My final comment about the culture of banks is that it comes from the top—the tone is set at the top. You absolutely need systems, controls and management structures to ensure that it is effectively deployed throughout the organisation, but, for me, culture is ultimately about leadership. It is about leadership of the financial institutions, in the regulators and in government. That triumvirate needs to continue to display the right kind of leadership if we are effectively to change backing for good, as the commission has recommended.
Finally, I thank noble Lords who have spoken this evening, and thank the most reverend Primate for presenting us with this important opportunity to discuss these matters.
My Lords, I add my thanks to all noble Lords who have contributed this evening. A number of striking comments and speeches have been made, notable among them that of the noble Lord, Lord Carrington, with his description of a Sharia-compliant bank and the impact that that can have and his deployment of his experience both in the other place and in the banking industry over many years.
The debate has ranged far and wide. I want to draw on two characters. One is Dracula. We have the threat of reincarnation—or, if one is into “Doctor Who”, regeneration—of the Parliamentary Banking Standards Commission. I saw the blood drain from the face of the noble Lord, Lord Turnbull, as I sat from this distance. I hope that we can find some stake and clove of garlic that can put it into its grave and that someone else will have the pleasure of reincarnating it at some point.
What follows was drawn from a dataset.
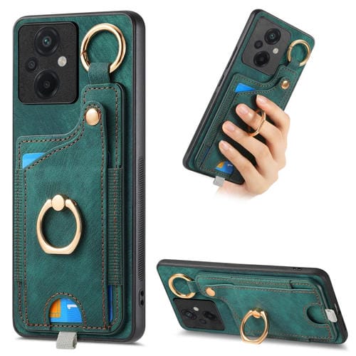Funda para Teléfono con TaRJetero y Anillo con Tacto de Piel Estilo Retro para Xiaomi Poco M5 4G con Lazo para Colgar (Verde)

The speech of the noble Lord, Lord Eatwell, clearly reminded us that financial services are immensely connected and that what you squash down in one place pops up in another—to put it less elegantly than he did—often with great force, little regulation and usually much danger. His exceptional speech should be noted and thought about. I fear that there will be need for continual monitoring of what happens over the next few years.
I have a couple of comments. I shall be brief, because we are at the end of our time and it has been a long day. The comments made by the noble Lord, Lord Sharkey, about size were also strong reminders of the difficulties that we face. One of the most memorable comments in evidence for me was from a former head of UBS, clearly deeply affected personally by the pain of what he had gone through. He was one of those bankers who came who had borne the whole weight of it on his shoulders and suffered greatly as a result. There was no lack of responsibility from him. When asked if, in the depths of the night, he looked back and thought that he might have done differently, he said that you can have a big simple bank or a small complicated bank; you cannot have a big complicated bank. He said that if he had his time again, he would have kept it simple.
When I listened to the noble Lords, Lord Sharkey and Lord Eatwell, I was reminded of the extraordinary statistic anticipating the banking industry at nine times GDP. I was reminded of the need for banks to be kept to a size where they do not threaten everything else. They are not the only goose laying golden eggs in our economy. We cannot be a “monocrop economy”, as Martin Wolf described us in a notable article in the Financial Times in January 2009.
I cannot go through all the other points raised, but I heard with gratitude the comments about education. Competition is obviously essential, but, as the Minister said a few moments ago, competition must be to be the best supplier of the customer, not the most profitable bank going. You may get the second through the first, but if you aim solely for the second, you will never get the first.
Finally, the quality of finance—to which the noble Lord, Lord Eatwell, referred directly and indirectly—is that which sustains our communities and enables the talent of our nation to flourish, grow and develop jobs. He used a phrase, “financial services”, that has been used many times in the debate. All these industries, banking and the others, are there to serve, not to rule. They are, as I was taught as a child by my grandmother, when talking about fire, good servants and very bad masters.